TASK REQUIREMENTS: Of the lines listed below, return exactly those that run from the line containing "黑色西装外套女设计感小众20" through the line containing "春深四月去,夏来五月新。繁花", both included.

EXTRACTED RECORDS:
________

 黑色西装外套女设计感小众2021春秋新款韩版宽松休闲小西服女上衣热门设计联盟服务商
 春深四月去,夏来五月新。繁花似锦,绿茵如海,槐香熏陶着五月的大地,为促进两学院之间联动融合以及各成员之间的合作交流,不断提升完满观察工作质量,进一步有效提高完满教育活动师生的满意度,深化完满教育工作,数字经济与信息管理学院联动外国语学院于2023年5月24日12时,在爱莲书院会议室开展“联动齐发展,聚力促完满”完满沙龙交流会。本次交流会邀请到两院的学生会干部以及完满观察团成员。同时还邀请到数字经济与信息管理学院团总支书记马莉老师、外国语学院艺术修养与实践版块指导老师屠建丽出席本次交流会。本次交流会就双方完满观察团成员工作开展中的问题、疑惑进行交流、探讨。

________

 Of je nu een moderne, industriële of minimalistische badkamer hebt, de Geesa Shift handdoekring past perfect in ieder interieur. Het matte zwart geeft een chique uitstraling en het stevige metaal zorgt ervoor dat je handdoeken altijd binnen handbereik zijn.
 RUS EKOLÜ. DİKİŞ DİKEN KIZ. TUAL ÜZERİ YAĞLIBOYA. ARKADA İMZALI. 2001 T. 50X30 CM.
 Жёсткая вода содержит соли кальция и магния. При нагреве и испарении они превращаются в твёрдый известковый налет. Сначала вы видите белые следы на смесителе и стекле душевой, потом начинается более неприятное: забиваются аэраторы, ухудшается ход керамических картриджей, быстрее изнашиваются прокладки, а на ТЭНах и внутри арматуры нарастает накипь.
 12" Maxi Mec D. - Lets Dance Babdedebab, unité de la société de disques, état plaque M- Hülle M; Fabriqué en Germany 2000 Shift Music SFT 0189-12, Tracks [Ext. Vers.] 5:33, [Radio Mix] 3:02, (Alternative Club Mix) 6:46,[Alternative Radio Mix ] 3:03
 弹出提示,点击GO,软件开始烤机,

________

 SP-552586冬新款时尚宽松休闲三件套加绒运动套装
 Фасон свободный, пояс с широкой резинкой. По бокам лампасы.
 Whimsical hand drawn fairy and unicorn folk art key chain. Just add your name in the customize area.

________

SOLUTION TO THIS PROBLEM:
 黑色西装外套女设计感小众2021春秋新款韩版宽松休闲小西服女上衣热门设计联盟服务商
 春深四月去,夏来五月新。繁花似锦,绿茵如海,槐香熏陶着五月的大地,为促进两学院之间联动融合以及各成员之间的合作交流,不断提升完满观察工作质量,进一步有效提高完满教育活动师生的满意度,深化完满教育工作,数字经济与信息管理学院联动外国语学院于2023年5月24日12时,在爱莲书院会议室开展“联动齐发展,聚力促完满”完满沙龙交流会。本次交流会邀请到两院的学生会干部以及完满观察团成员。同时还邀请到数字经济与信息管理学院团总支书记马莉老师、外国语学院艺术修养与实践版块指导老师屠建丽出席本次交流会。本次交流会就双方完满观察团成员工作开展中的问题、疑惑进行交流、探讨。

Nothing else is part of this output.